The Peacetime to Wartime shift also requires a change in communications. During Peacetime, there is relatively higher tolerance for back-and-forth discussions and constructive arguments. During Wartime, however, every second counts and communication must be concise and widely comprehensible.
Team members must speak the same language—literally and figuratively. This is especially true when it comes to the incident response call. It’s critical to communicate calmly, clearly, and explicitly to ensure effective response.
For example, it’s important to limit (if not altogether avoid) the use of acronyms: Too many can confuse newcomers and will add cognitive overhead in general. So while it may save you a few seconds to use an acronym instead of the full term, clarity is more important than speed in this case.
Incident Response Team in Action
Every situation is different and will call for specific actions, but in general, the team—led by the IC—must assess the problem by gathering information to determine the scope and impact of the incident, then collect proposed repair actions and their associated risks.
When the time comes, it’s ultimately up to the IC to make a decision—and it must be made quickly even without buy-in from everyone on the team.
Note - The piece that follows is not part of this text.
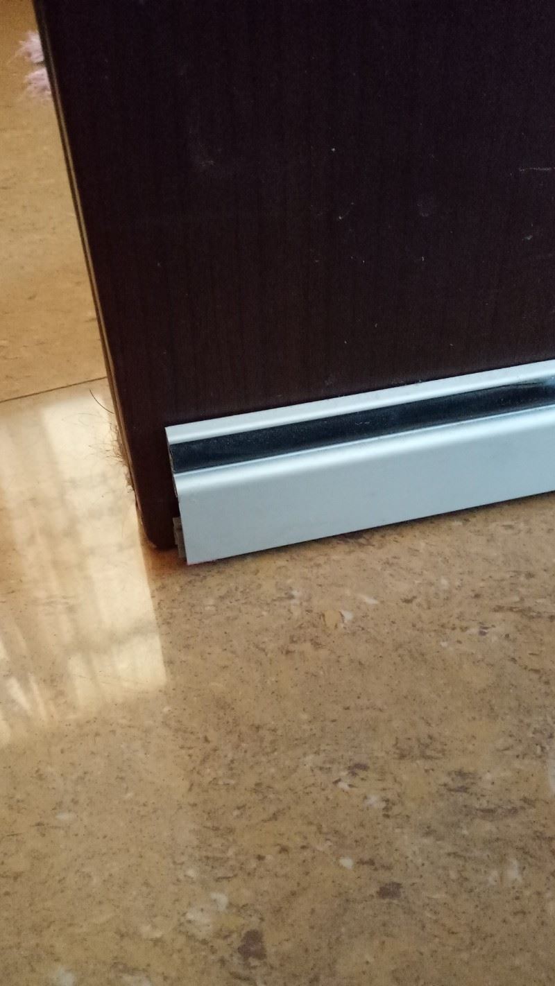 现在市面用的房门,卧室门等都不带门槛,门扇与地面有一定的空隙,造成漏音,噪音影响生活质量。门板大部分也是空心门,或者是木渣压制门,密度普遍低,加上大部分室配套的内嵌式密封条,由于材质硬,无法有效的根据门结构起到很好的密封作用。无法有效阻挡声音,所以,想要门隔音,就需要对门缝进行密封处理,门板贴隔音材料提高门密度。绿静包覆式软性密封条因其良好的柔韧性,使得门和门边能更加紧密的结合,达到更好的密封性。使门整体的隔音性能有所提高,无论是门侧面缝隙,还是门顶、门底缝隙,都能有效贴合,达到密封隔音。而且都是自带背胶,安装十分方便。对于大面积隔音改造,绝对是一个理想而又省事的办法。该密封条采用用进口加强型尼龙外包,内填充纳米聚氨酯柔性棉,背面附有强力背胶, 施工方便, 不易脱落。安装的时候,一般安装在门内侧,密封条贴近地面,然后撕开背胶固定在门扇上。门开关,没有地面摩擦噪音,很好的挡住缝隙,防止暖气外溢、防虫入内、同时起到隔音隔光之功能,一举多得。

With that said, the IC can put forth a few options and give team members an opportunity to register strong opposition. (Using the adjective “strong” will dissuade team members from wasting time with random thoughts, and is an example of the importance of precise and careful language throughout the incident response process.)
Postmortem: Learning from Mistakes
Once the incident has been resolved, a postmortem helps the team figure out what happened, what went wrong and what went right.
However, it’s important to proceed carefully as the nature of a postmortem makes it ripe for multiple rounds of the blame game, which negatively impacts everyone. Instead, the postmortem process should be future-oriented, with a goal of instilling a culture of learning and identifying opportunities for improvement that otherwise would be lost.
To make this happen, postmortems must happen in an environment in which teams can be completely honest without fear of negative repercussions. With this kind of focus and an eye toward making the process itself as streamlined as possible, team members (and the company) will get the most out of the time invested in the postmortem.
The postmortem report should include:
- A high-level summary of what happened
- Root-cause analysis
- Steps taken to diagnose, assess and resolve
- A timeline of significant activity
- Learnings and next steps
Throughout the incident response process, a shift away from blame and toward working together to limit damage from inevitable events will help establish a positive culture of constant and iterative learning and growth.